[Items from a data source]
*** Begin section ***

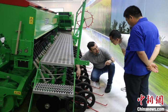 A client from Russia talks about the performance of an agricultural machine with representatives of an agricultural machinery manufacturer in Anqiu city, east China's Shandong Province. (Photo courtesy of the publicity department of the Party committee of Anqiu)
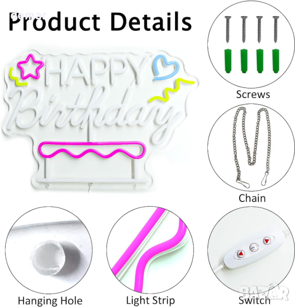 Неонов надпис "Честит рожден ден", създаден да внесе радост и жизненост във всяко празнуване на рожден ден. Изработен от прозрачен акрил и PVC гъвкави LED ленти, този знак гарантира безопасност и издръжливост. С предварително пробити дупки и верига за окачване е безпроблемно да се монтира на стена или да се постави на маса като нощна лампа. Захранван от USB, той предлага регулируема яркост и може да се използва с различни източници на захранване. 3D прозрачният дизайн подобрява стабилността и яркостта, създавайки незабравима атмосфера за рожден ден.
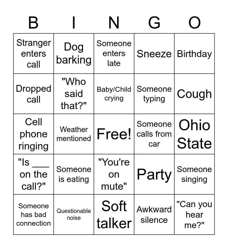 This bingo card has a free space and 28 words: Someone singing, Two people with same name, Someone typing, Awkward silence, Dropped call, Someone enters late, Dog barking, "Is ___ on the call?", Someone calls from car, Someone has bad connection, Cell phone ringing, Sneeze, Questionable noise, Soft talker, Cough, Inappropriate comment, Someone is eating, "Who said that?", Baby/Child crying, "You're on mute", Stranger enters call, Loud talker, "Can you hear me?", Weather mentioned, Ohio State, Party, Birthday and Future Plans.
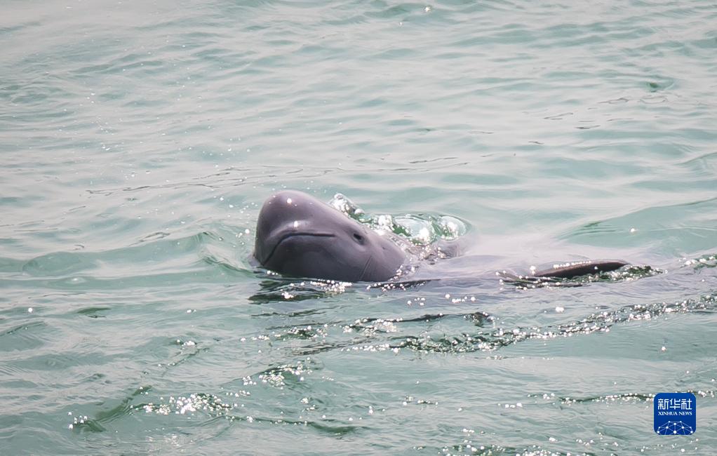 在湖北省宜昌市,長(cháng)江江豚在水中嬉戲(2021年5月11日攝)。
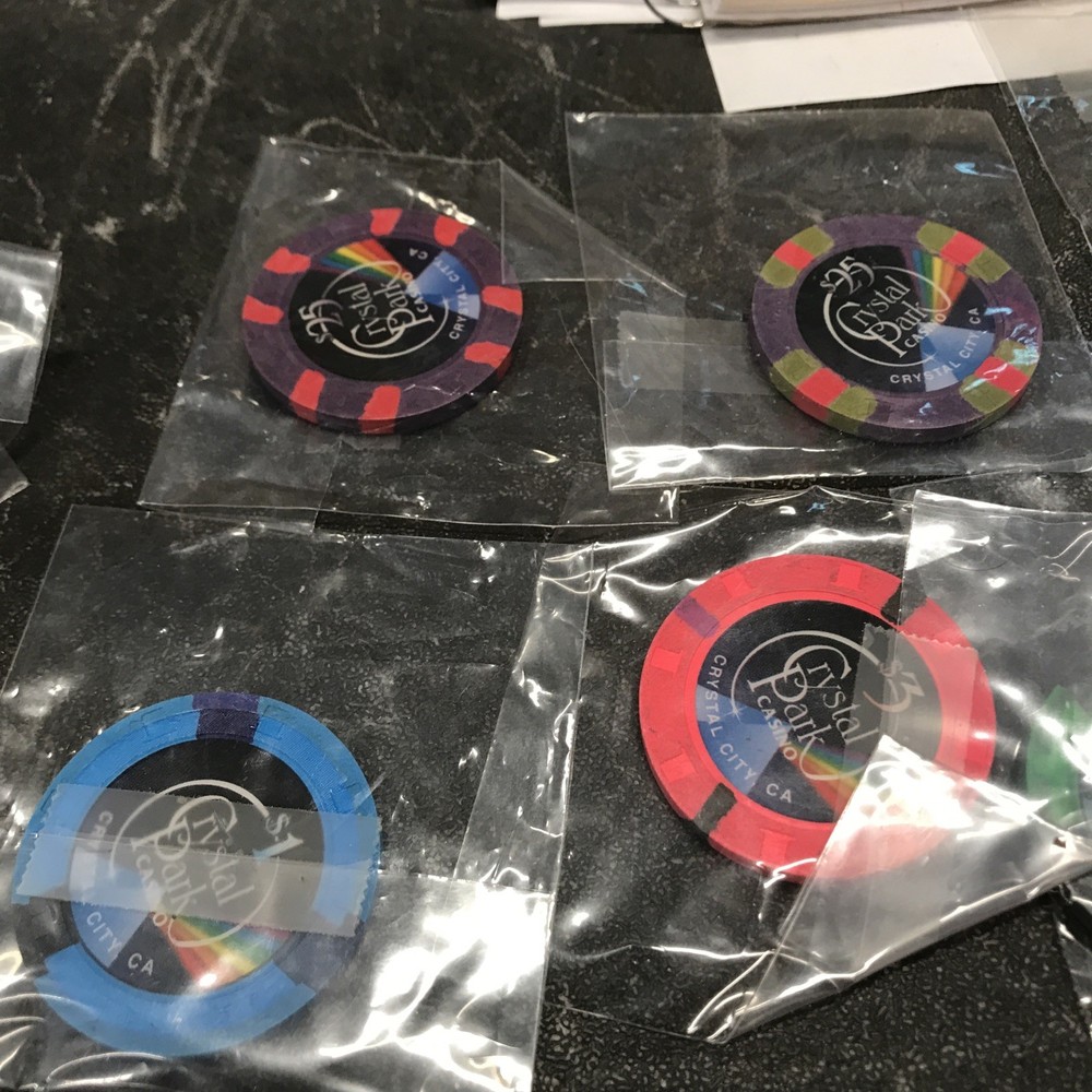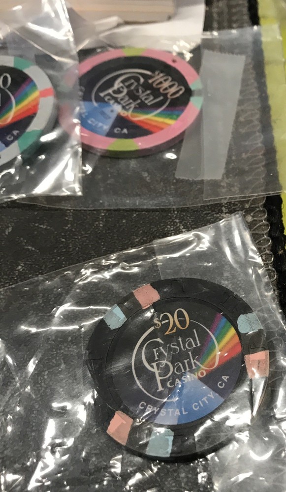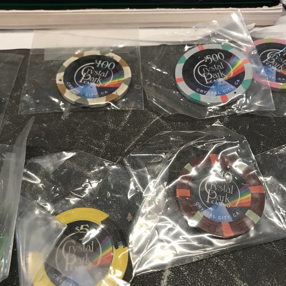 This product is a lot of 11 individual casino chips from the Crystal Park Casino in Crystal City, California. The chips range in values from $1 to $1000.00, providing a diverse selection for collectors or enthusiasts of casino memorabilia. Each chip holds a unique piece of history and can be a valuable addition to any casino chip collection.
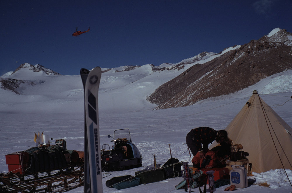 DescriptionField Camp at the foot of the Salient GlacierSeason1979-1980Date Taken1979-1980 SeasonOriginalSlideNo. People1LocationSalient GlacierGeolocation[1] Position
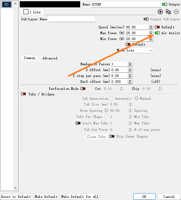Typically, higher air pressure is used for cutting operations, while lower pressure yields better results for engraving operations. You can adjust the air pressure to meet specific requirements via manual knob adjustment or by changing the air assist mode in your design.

*** End section ***

ACTION ITEM
Although pictures appear among the records above, none are to be output; print exactly the lines from the line containing "This product is" through the line containing "DescriptionField Camp at".

EXERCISE ANSWER
 This product is a lot of 11 individual casino chips from the Crystal Park Casino in Crystal City, California. The chips range in values from $1 to $1000.00, providing a diverse selection for collectors or enthusiasts of casino memorabilia. Each chip holds a unique piece of history and can be a valuable addition to any casino chip collection.
 DescriptionField Camp at the foot of the Salient GlacierSeason1979-1980Date Taken1979-1980 SeasonOriginalSlideNo. People1LocationSalient GlacierGeolocation[1] Position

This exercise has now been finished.